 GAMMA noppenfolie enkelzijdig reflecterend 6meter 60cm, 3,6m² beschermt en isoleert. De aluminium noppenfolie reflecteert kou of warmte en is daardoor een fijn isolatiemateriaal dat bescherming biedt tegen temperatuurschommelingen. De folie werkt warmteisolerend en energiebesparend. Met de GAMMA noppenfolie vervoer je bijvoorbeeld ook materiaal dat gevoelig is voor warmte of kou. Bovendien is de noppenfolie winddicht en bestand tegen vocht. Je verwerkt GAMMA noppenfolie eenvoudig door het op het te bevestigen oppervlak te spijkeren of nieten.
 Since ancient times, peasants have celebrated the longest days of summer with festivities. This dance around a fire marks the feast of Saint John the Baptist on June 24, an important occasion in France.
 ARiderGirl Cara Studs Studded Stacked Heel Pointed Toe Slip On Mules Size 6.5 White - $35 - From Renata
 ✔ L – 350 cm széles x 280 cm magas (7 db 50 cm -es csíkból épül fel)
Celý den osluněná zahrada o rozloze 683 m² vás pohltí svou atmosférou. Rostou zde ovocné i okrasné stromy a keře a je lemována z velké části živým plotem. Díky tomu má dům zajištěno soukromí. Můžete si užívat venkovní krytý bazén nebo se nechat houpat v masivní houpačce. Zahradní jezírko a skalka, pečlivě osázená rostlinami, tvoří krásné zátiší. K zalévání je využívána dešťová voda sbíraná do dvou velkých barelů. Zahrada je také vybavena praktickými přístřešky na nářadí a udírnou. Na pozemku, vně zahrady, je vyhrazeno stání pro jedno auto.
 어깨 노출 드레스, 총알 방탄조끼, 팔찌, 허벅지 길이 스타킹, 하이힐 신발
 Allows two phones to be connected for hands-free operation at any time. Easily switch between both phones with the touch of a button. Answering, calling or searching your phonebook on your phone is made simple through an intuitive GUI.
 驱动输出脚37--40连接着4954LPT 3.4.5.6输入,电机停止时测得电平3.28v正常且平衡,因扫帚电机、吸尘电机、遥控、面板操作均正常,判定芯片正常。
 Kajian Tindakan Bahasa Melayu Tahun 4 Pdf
* * * * * * *
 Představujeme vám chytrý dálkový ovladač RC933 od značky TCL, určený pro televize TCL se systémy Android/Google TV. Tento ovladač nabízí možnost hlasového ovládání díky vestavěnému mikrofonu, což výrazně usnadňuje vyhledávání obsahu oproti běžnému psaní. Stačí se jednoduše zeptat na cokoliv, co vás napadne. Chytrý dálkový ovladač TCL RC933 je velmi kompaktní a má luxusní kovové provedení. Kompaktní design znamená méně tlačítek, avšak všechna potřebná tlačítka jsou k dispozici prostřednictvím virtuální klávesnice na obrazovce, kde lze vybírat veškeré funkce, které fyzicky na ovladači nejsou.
* * * * * * *
= What you need to do =
Beginning at the line with "驱动输出脚37--40连接着" and stopping after the line with "Kajian Tindakan Bahasa Melayu Tahun 4 Pdf", please write out every line of the data above exactly and nothing else.

= Solution for this problem =
 驱动输出脚37--40连接着4954LPT 3.4.5.6输入,电机停止时测得电平3.28v正常且平衡,因扫帚电机、吸尘电机、遥控、面板操作均正常,判定芯片正常。
 Kajian Tindakan Bahasa Melayu Tahun 4 Pdf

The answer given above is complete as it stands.